My sweet lover, for what are we to do?
He loves me and She loves you.
We do care for them in our own little way
But you and I vowed to be one, again someday.


It may take months, or maybe even years,
To think of it brings a river of sorrowful tears.
Why can't love just be blissful and true?
Instead of making our hearts so sad and blue?


For now we must lead our separate lives
Living with our spouses, telling them lies.
Just so we can share one more thrust,
While we harshly betray our partners trust.


The guilt we both should feel just isn't there,
To some it might seem we don't really care,
But we toss and turn throughout the night,
While the ones we don't truly love holds us tight.
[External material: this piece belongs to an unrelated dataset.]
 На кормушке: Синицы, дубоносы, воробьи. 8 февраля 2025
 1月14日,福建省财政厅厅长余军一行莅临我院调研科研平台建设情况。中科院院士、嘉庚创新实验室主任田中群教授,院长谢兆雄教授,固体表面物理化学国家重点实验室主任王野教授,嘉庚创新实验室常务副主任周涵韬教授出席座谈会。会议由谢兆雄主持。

Our love we share is worth all the heartache and pain,
We endure the torture, just to see each other again.
One day we'll find the courage and strength to leave,
Leaving our partners behind in shattered disbelief.


But for the time being, our love must remain a secret
While were forced to endure the pain and regret.
Consoling each other with our forbidden embrace,
As we cherish the love no other can ever replace.

Love is...

Love is indescribable when we first feel it,
it leaves us longing to hold on to it.

It makes us weak in its wake and,
leaves us empty when our heart it breaks.